GET OUT of here racism

Get Out, a movie directed by Jordan Peele, is a satirical experience that intends to display the problems with racism in America. The movie’s main character, Chris Washington, is in a couple with a white lady named Rose Armitage. The movie begins on a very nice note, seeing Chris and Rose planning a trip to go meet Rose’s parents, with Chris portraying the first poke at racial problems in America. He asks Rose if her parents know that he is black, and she tells him that they won’t care, Chris is hesitant of this, but still decides to meet her parents. The movie continues and Chris and Rose finally arrive at her house, and her parents seem extremely excited to see him. Everything seems good on the surface, but it doesn’t take long for Chris to start realizing some of the oddities that occur. Some of these oddities include black “helpers”, who share a resemblance to slaves, to which the family sees no problem with. These “helpers” seem to act very odd when Chris interacts with them, and one even tells Chris to “Get Out” when a picture is taken. A very angry brother who seems to be mad at Chris for no reason, and a hypnotic mother who toys with Chris’ mind. As time goes on, Chris gets more and more fearful of the situation, and so does his friend Rod. Rod brings up the common archetype in movies that the black people always die first, and really begins to worry for his friend. 

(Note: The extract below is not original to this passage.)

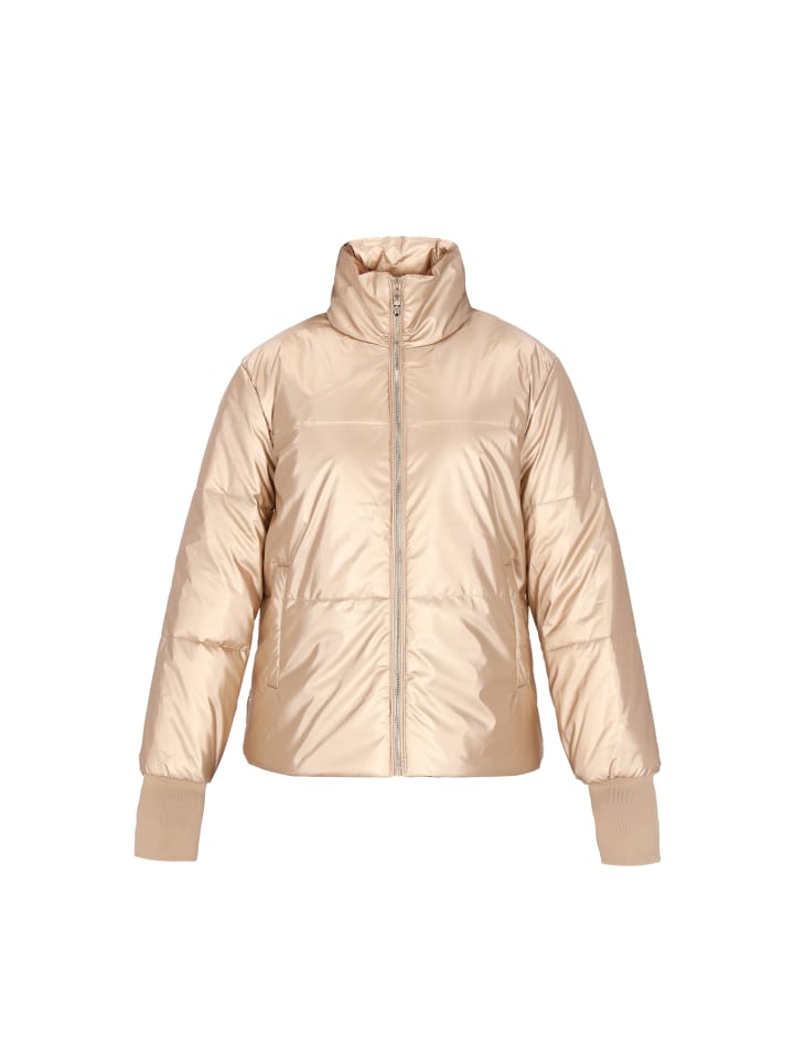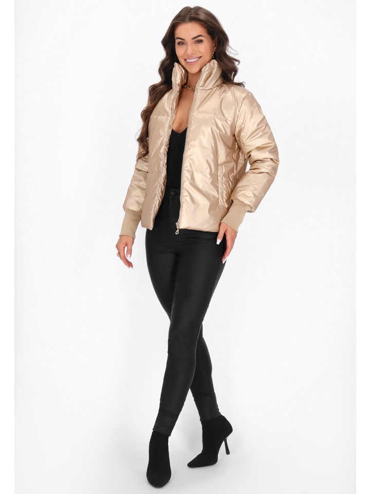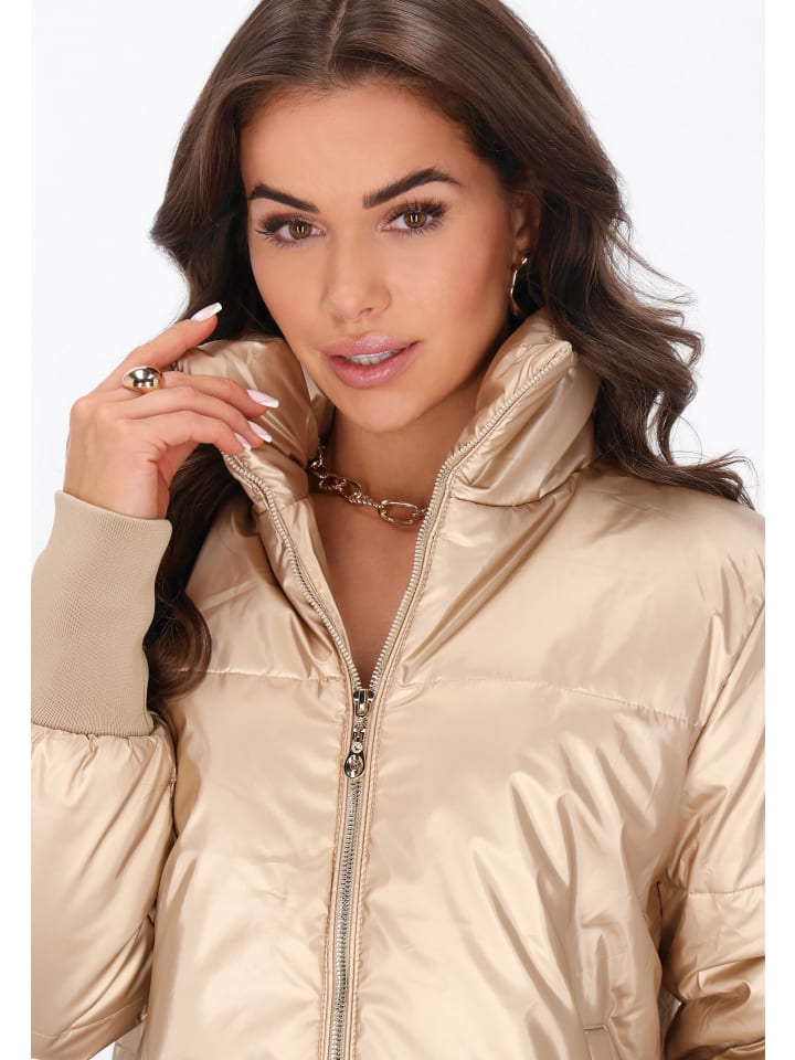 - Куртка прямого кроя с воротником-стойкой и длинными рукавами
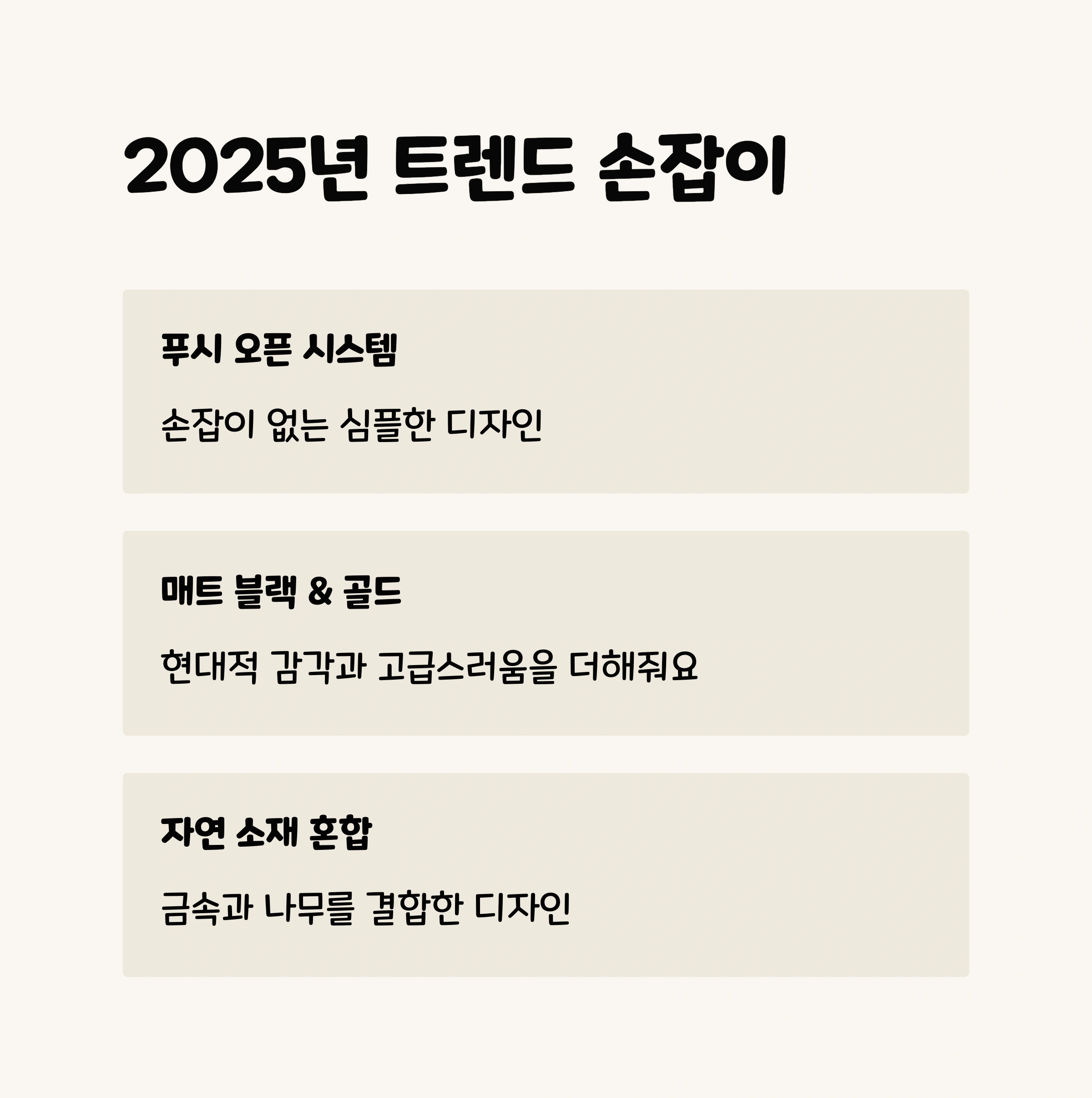 | 히든형 | 손잡이가 외부로 드러나지 않는 형태 | 미니멀한 공간, 심플한 모던 스타일 |

This is where the spoiler has to come in, because there is no way to talk about the movie as a whole without a spoiler of what happens. Of course, Chris is right about his fears about everything being too good to be true. The Armitage’s have an annual get together, full of white people, and they all seem very nice to Chris. There is a repetition of Chris getting informed that his physique is nice, and not just his, but physiques of all different types of black athletes. This of course makes Chris uncomfortable, but the caucasian people at the get together see no problem with it. Chris ends up wanting to leave, but Rose tries to convince him otherwise, as this happens, Chris’s friend realizes that one of the helpers is actually a man who was kidnapped a couple of months ago. At this point, Chris tries to leave himself, but unfortunately doesn’t make it out of the house. It turns out that there was something up the whole time, ) what a surprise) and Rose’s family lures black people to their house to make use of the “nice physique. They do this by surgically removing the brain of the african american, and putting the brain of the white person into the black person’s body. The movie ends with Chris killing the family members, escaping the house, and having a final standoff with Rose. In the final moments, with Chris bloodied and on top of Rose, a police car shows up, and Rose tells Chris that she wins, but Rod walks out of the car and brings Chris to safety.

 There are many satirical moments in this book that poke fun at the common problems black people face today. Another form of humor used is hyperbole, which as a whole is displayed when Chris goes to meet his white girlfriend’s family. Normally, there is a fear of being in an interracial relationship, and not having your parents know. This is usually met with disagreement, but nothing of this extent. Another form of satire in this movie is when Rose’s family insists Chris meets all of their neighbors, and they all make the comment that “Black is in fashion again”. Of course they are talking about the clothing, or are they? Another form of satire is on display at the end, when the police car pulls up with Chris on top of Rose. All viewers were immediately filled with sadness as soon as this happened, knowing the situation that will unfold, despite all of Chris’s efforts to make it out alive. Only for Rod to step out of the car and save Chris. 


These scenes are all different ways in which Jordan Peele tries to display the different problems with racism in America in this age. I think that some of the underlying themes of this are 

  1. There is a want for the assets that black people possess, although this movie displays it in an overexaggerated way, this is still true nonetheless. An example of this in real life is the recent exposure that black culture has been getting, and the term “culture vulture” that has been coined to white people.
  2. Another form of satire is one that I touched upon earlier, which is when the police rolled up at the end. Rose tells Chris that he is screwed, and that the police will believe her, only for it to be Rod. Although it was Rod, if it wasn’t Rose would probably be right, and in this situation, no matter what Chris says, he will be the one in trouble for what happens. This occurs in today’s society, the black person is often the first one suspected when it comes to crime, and the one who will be incarcerated.
  3. The problem with interracial relationships today. This was an exaggeration, but in the beginning you see Chris and how tense he is that her parents still don’t know that he is black.

This clip shows Chris’s friend, it is a funny clip, but it does a good job showing the fear that a black man has when it comes to problems like this.

These are only a few reasons that display why Get Out was not only funny, scary, and interesting, but also extremely moving, and capable of showing the many problems with America today

2 thoughts on “GET OUT of here racism

  1. Annie W

    This is a great example of how satire can be so poignant, to the point where it is terrifying. Your examples of the movie highlighting a problem in society were great.

    Like

  2. Danny K

    I see parallels between Pride and Prejudice and Get Out. For one, Jordan Peele uses irony similar to Jane Austen when introducing two characters especially when one is female and the other a male. In Get Out, it expands past the gender realm and Jordan Peele’s irony also gets at the white/black power dynamic.